10 / 36
冬
冬の壱 牛頬肉の赤ワイン煮
しおりを挟む
「クリスマス……クリスマスねぇ……」
クリスマスイブである。
ビクターが買い物に出ると、いたるところが飾りつけされているのが目に付いた。
足を止めて見上げると、街路樹にはライトアップ用のLEDライトが巻き付けられているのが見える。
ビクターはもちろん、キリスト教徒ではない。
すっかり日本に馴染んでいるが、ビクターは生まれつきの日本人というわけでもなく、クリスマスが特別な日という印象もない。
しかし、イベントの日というくらいの認識はあった。
「恋人がいれば盛り上がるんだろうなぁ」
ひたすら自炊で一人飯をしていることでも分かるが、ビクターに恋人はいない。
自分自身がこの世界では特別な人間だということは重々理解しており、普通の人と特別な関係になる気はなかった。そして、同じように異世界から落ちてきた者たちとそういった関係になるのも、慰め合うようで何か違うと感じていた。
と、いった感じの言い訳をして自分自身までごまかしてるが、実際のところはビクターは昔から奥手で、おまけに女運がひたすら悪いのだ。
前の世界でひたすら女性に騙されまくり、臆病になってしまっていた。
恋愛対象になる女性相手だと、警戒してしまって上手く行動できなくなるのである。
「クリスマスらしいこと、するか」
少しだけ寂しそうに、ポツリ呟いた。
ビクターが言う『クリスマスらしいこと』というのはパーティーしたり、教会のミサに出たりということではない。そういう発想すらない。
クリスマスらしい料理を作ること一択だ。
「肉屋と酒屋に寄って帰るか」
ごちそうと言えば肉である。
それをクリスマスディナー風にしてみよう。
「そうすると、パンも買いに行った方がいいな。ついでにクリスマスらしくケーキも買うかぁ」
買う物を決め、再び歩き始めた。
「さて、作るか」
帰宅したのは昼過ぎ。
普通なら夕食の準備をするには早いが、今日作るものは時間がかかる。
「いつもならデミグラスソースで煮込むけど、今日はお洒落な感じにワイン煮だ!」
まず、人参、タマネギ、セロリをみじん切りにする。
そして取り出したのは牛頬肉。
トロトロになるまで煮込むと最高の逸品である。
ビクターは手抜きしてデミグラスソースの缶詰で煮込んでいくのが好きだが、今日はお洒落な感じにいくらしい。

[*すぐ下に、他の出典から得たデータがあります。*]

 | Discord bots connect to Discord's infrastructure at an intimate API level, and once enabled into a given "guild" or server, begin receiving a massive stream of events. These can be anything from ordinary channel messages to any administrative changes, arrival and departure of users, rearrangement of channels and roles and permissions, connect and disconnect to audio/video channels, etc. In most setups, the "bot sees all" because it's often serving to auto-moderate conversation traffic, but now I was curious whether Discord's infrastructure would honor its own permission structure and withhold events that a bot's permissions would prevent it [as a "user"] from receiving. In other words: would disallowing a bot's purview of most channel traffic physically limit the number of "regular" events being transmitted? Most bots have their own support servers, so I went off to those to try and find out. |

フライパンに油を入れて、熱し、塩コショウした牛頬肉を丸ごと焼き始めた。
しっかり前面に焼き色が付くまで焼き固める。
それを鍋に移し、同じフライパンでみじん切りにした野菜をしっかり炒める。
鍋で直接やってもいいのだが、わざわざ一度フライパンで焼くのは、鍋で炒めると焦げ付きが気になるからだ。
この後に煮込むため洗い落とせないほど酷い焦げ付きは残らないが、気分の問題だ。
炒めた野菜も鍋に移したら、赤ワインだ。
料理に使うつもりなので高いものは買ってない。実は酒屋でサービス品と書かれていたものだ。

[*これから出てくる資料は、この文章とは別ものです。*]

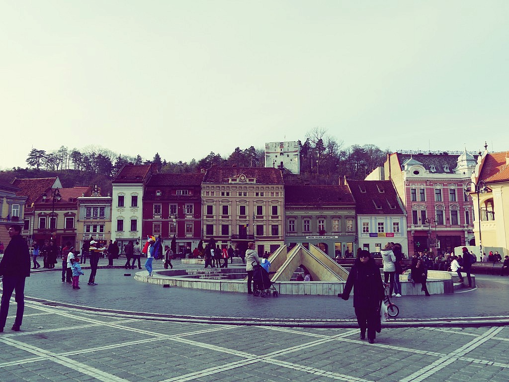 Freitagnachmittag ging’s los mit dem Zug. Nach 18 h Fahrt stiegen wir mehr oder weniger fit am nächsten Morgen in Braşov aus und machten uns auf Richtung Hostel, um zehn weitere »kulturweit«-Freiwillige dort zu treffen/zwei Tage zu verbringen. Doch dies erwies sich schon als erste Hürde. Am Schalterhäuschen versuchten wir Fahrkarten für den Bus ins Zentrum zu kaufen, scheiterten aber aufgrund unserer fehlenden rumänisch Kenntnisse daran. Glücklicherweise bemerkte ein älterer Herr, dass wir deutsch sprechen und konnte uns die Tickets besorgen. Nun direkt in den Bus einzusteigen wäre aber natürlich viel zu einfach – wir nahmen lieber unsere Beine in die Hand, da wegen einer Demonstration alle Straßen gesperrt waren und so weder Bus noch Taxi fuhren.

それをフライパンに流し込み、ワインで焦げをそぎ落とすようにしてから鍋に入れた。
そのワインだけではぜんぜん足りないため、鍋に牛頬肉が浸かるくらいの量の追加を入れて、過熱を始める。
焦げ付かないように中火で、沸騰し始めたら弱火で。
この時にローリエなど入れた方がいいらしいが、ビクターは常備してないので無しだ。別に問題ない。
「あとはひたすら煮るだけだな」
本当に、煮るだけだ。やることといえば、アクを掬うことと、半分くらいまで煮詰まったら水を足すことくらいだ。

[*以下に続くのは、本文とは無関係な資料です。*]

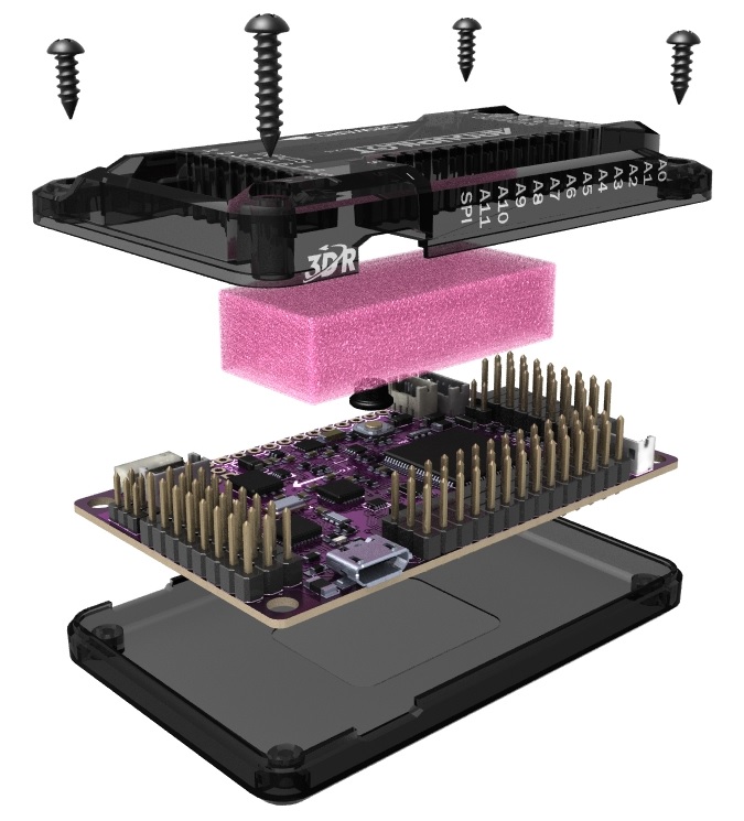 The APM 2.5/2.6 board is shipped in an enclosure with foam protecting the barometric pressure sensor, as shown here.

最終的には合計で2~3時間、頬肉が柔らくなるまで煮続ける。
「換気扇回してても部屋の中が煮詰まったワインの匂いになるな」
ビクターはワインは別に嫌いじゃないが、普段はあまり飲まない。
昔いた世界には水事情が怪しいところが多く、安全な水が手に入りづらい場所では水代わりにワインを飲んでいた。
とにかく一番手に入りやすく、安全な飲み物がワインだった。
そのせいでワインは飲み飽きていたのだ。
時々煮詰まりすぎないように水を足しながら数時間煮続けて、頬肉が柔らかくなったのを確認してから過熱を止めた。仕上げは夕食直前だ。
夕方になってから、仕上げを進める。
まず頬肉を別の鍋に移し、そこにザルで野菜を濾しながら煮詰まったワインも移していく。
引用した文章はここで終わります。